While most subs still estimate projects based on past performance without taking into account current economic dynamics, McClone Construction Co. is different.

A client of ProNovos, the structural concrete and formwork contractor now collects data on a monthly basis that gives a project performance synopsis based on such factors as project type, design, size, location and personnel.

Mikeal Kanouff of McClone Construction

Keeping up to speed on current projects and upcoming bids tells the company “what causes us to perform well versus not perform well,” explains Mikeal Kanouff, area manager at McClone’s Austin, Texas branch, one of a number of the contractor’s offices across the U.S.          

Kanouff says aggregate data solutions keep the company transparent, which helps it grow.

McClone, which relied on Excel software that had its limitations, now uses data also for construction equipment tracking, allowing it to transfer materials/equipment from one project to another with inventory transaction records input in a database.

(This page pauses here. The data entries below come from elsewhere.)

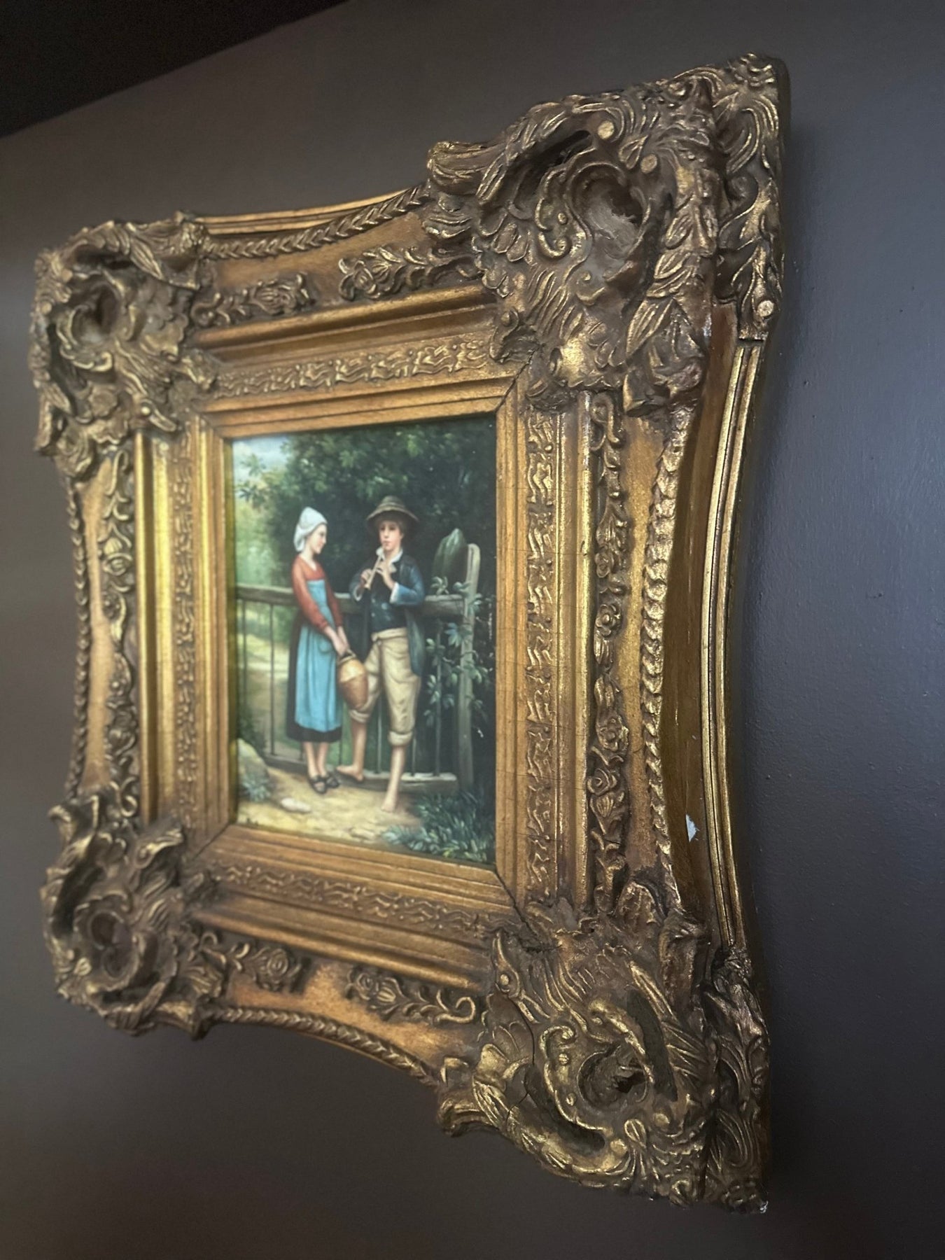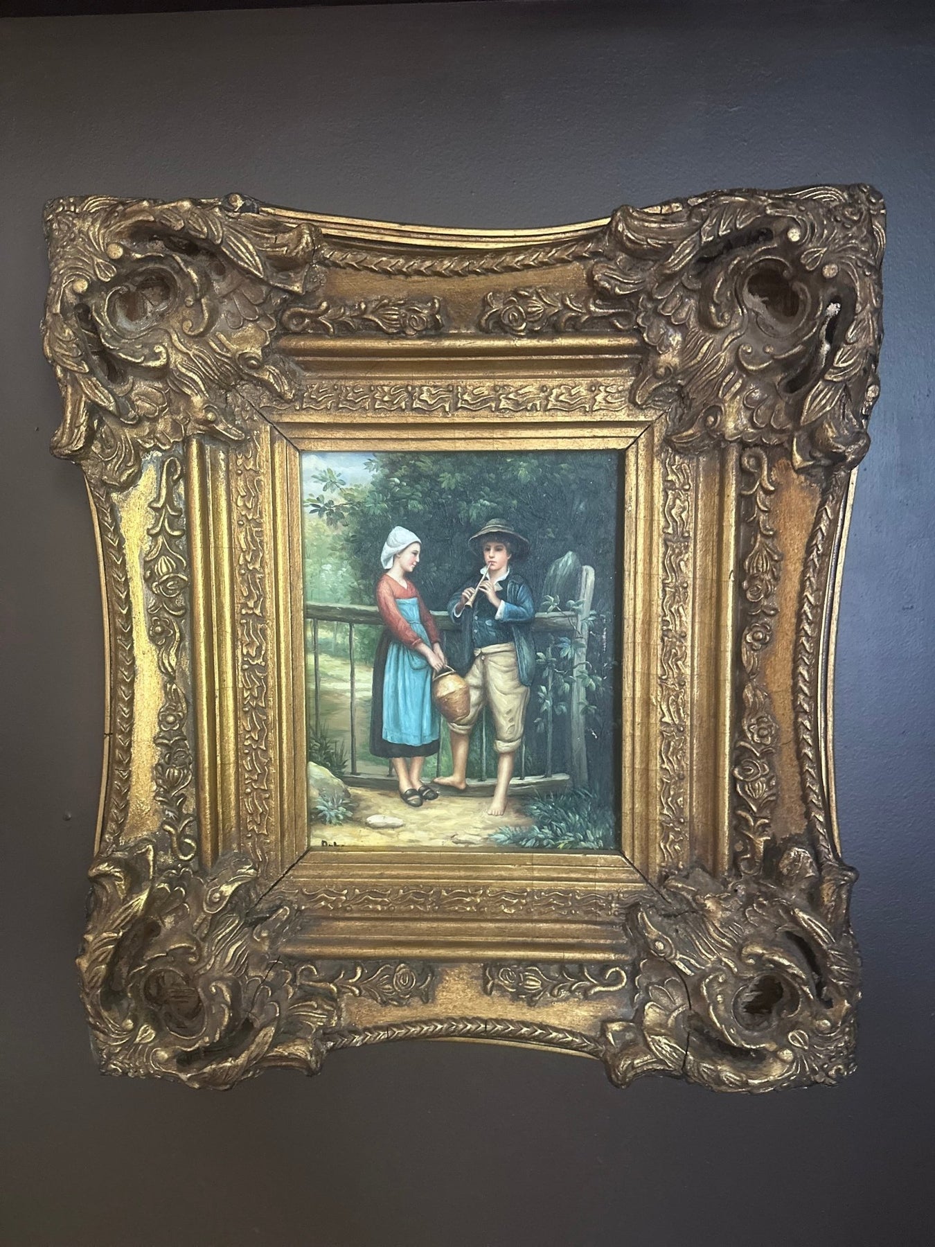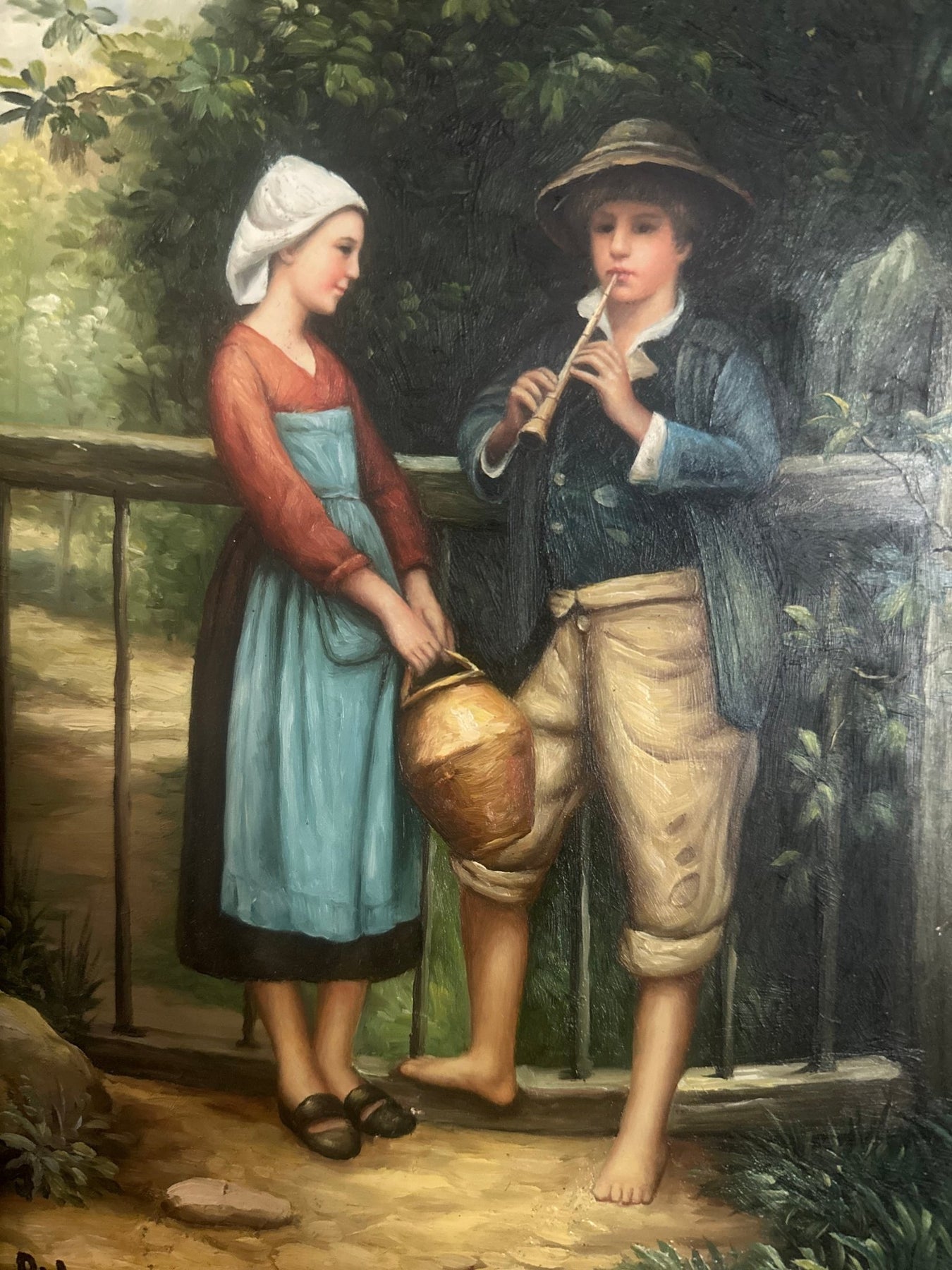 A charming 19th-century French pastoral oil painting depicting a barefoot shepherd boy serenading a young milkmaid, set within an exquisitely detailed Rococo gilt frame. The composition captures the tender simplicity of rural life, echoing the sentimental realism popular in France during the mid-to-late 1800s.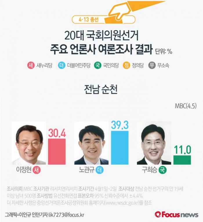 (서울=포커스뉴스) MBC가 여론조사기관 리서치앤리서치에 의뢰해 5일 발표한 결과에 따르면 전남 순천의 지지율은 새누리당 이정현 후보(30.4%), 더불어민주당 노관규 후보(39.3%), 국민의당 구희승 후보(11.0%) 순인 것으로 나타났다.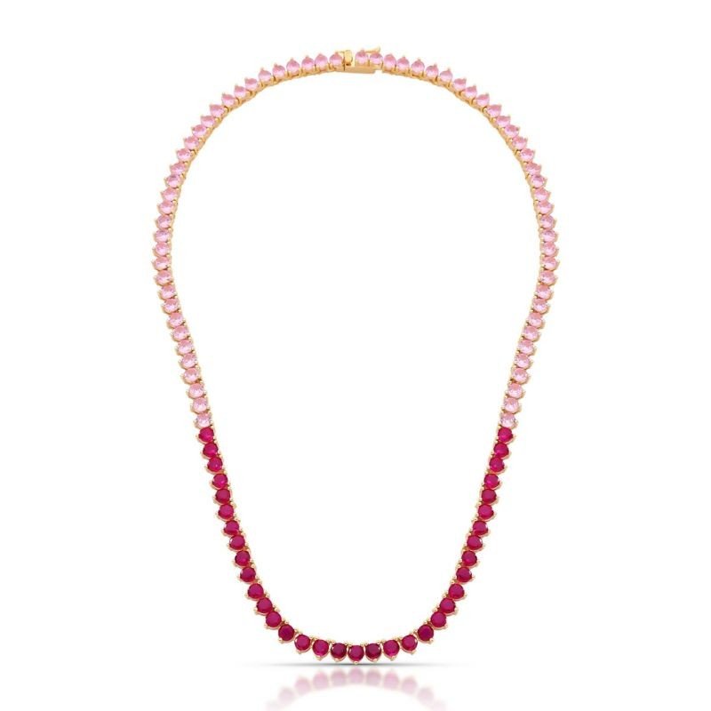 Uma explosão de charme e elegância: essa gargantilha riviera de 45cm com zircônias em tons de rosa e vermelho folheada a ouro traz um degradê moderno e sofisticado que transforma qualquer produç ...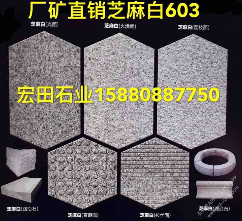 厂矿直销湖北【603芝麻白】:荔枝面、火烧面、光面、剁斧面、拉丝面等 加工:盲道石、水池、雕刻、等异形 15880887750,13599203899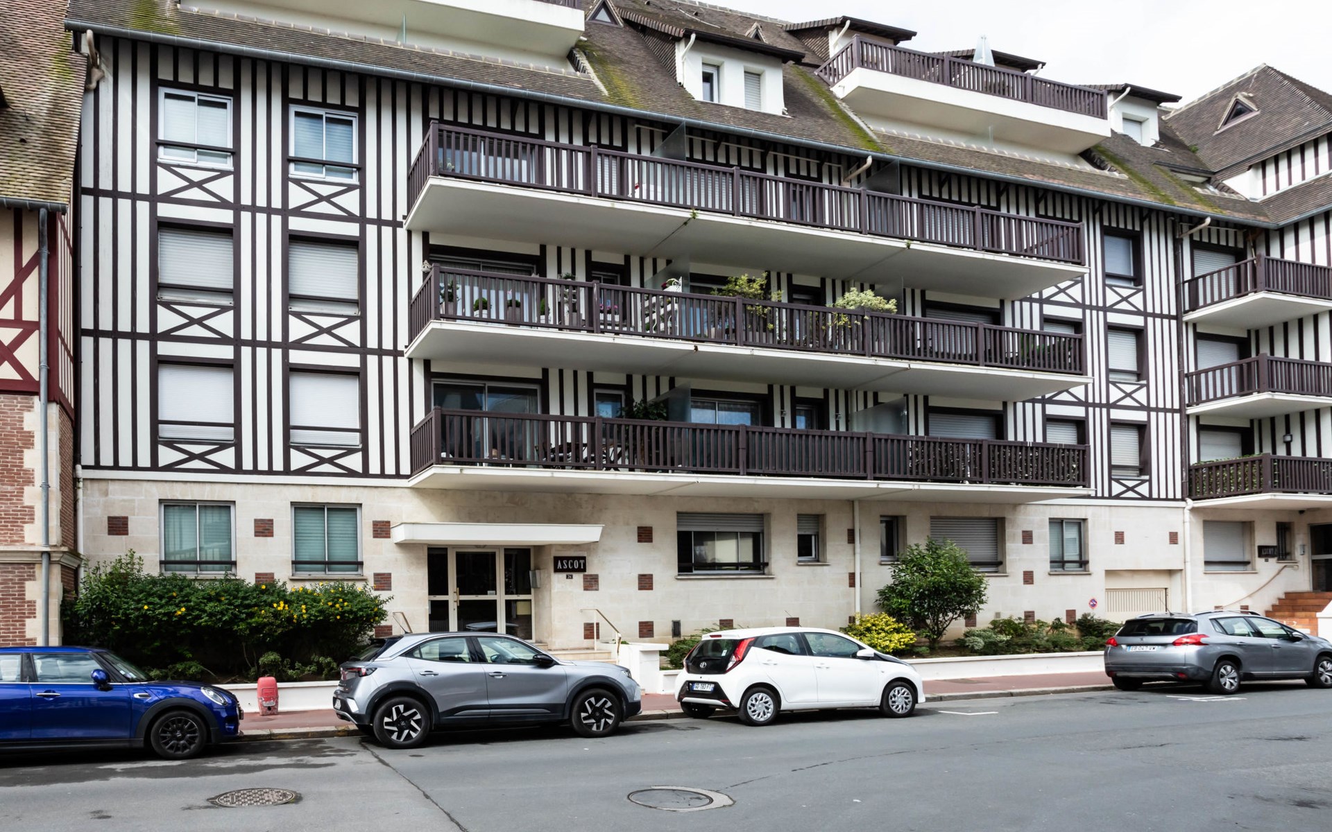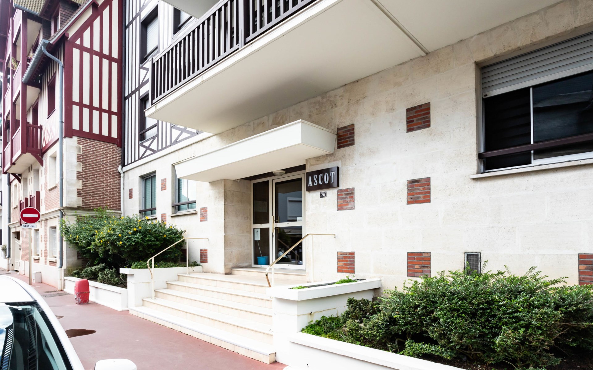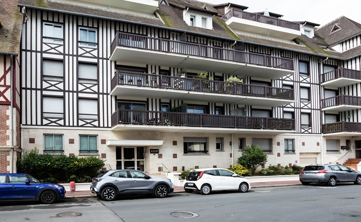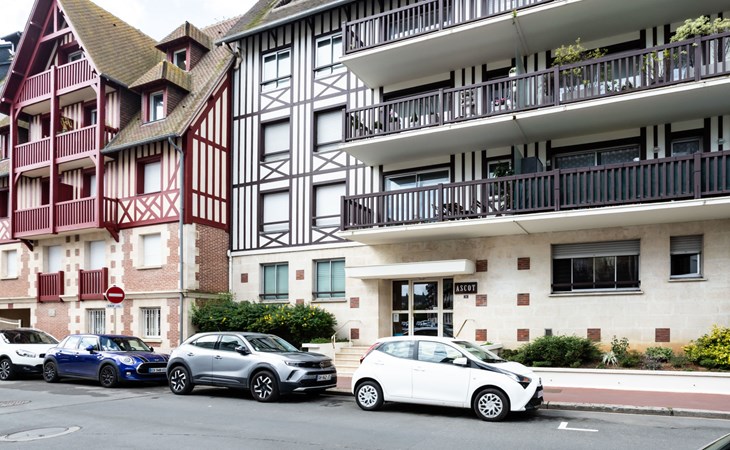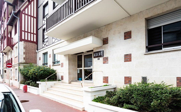 Deauville: Residence "Ascot", 3 storeys, terraced. In the resort, 350 m from the centre, in a quiet position, 1.4 km from the sea, 1.4 km from the beach, east facing position. In the complex: lift. (6 steps). Shop 350 m, supermarket 280 m, restaurant 100 m, bakery 60 m, 4 minute walk to the centre, bus stop "Gare routière" 500 m, railway station "Deauville-Trouville" 500 m, sandy beach "les planches de Deauville" 1.4 km, indoor swimming pool 1.1 km, thermal baths "thalasso de Deauville" 1.1 km. Golf course (18 hole) 3.7 km. Nearby attractions: casino de Deauville 1 km, hippodrome Deauville La Touques 1.2 km, Honfleur village normand 16 km, Mémorial de Caen 54 km, Arromanches plage du débarquement 80 km. The keys‘ handover takes place by the agency Interhome in Deauville.

Monthly reports track equipment and put a cost against that equipment on every project, says Kanouff.

ProNovos has also helped McClone by showing data on rentals rates (concrete formwork, for example) so monthly equipment charge reports can be exported into the contractor’s accounting system.

The process is “touchless, (free of a data entry) and takes me no overhead to produce because we put in the time (with ProNovos)…to run our business around it,” points out Kanouff.

While a new generation of builders might see the value of a shift to developing a data structure to improve operations, getting there can be complicated and expensive for a company on its own.

But Kanouff says for many larger subcontractors wanting to grow, operating without data from multiple sources is not the best way to go about it.

“At some point you have to run a company by data.”

Orr, who has 25 years of data science experience, says when he first started working with construction clients he went straight to the field for a few months to get a grasp of the problems workers faced.  

He says on one project about 20 subcontractors had common difficulties entering data from the field into an analytics platform to improve productivity for future jobs.

“The problem was that the workers were trying to be productive entering data into a system that is not ours (but rather the general contractors) and at the end of the day…they were walking away from all of their information.”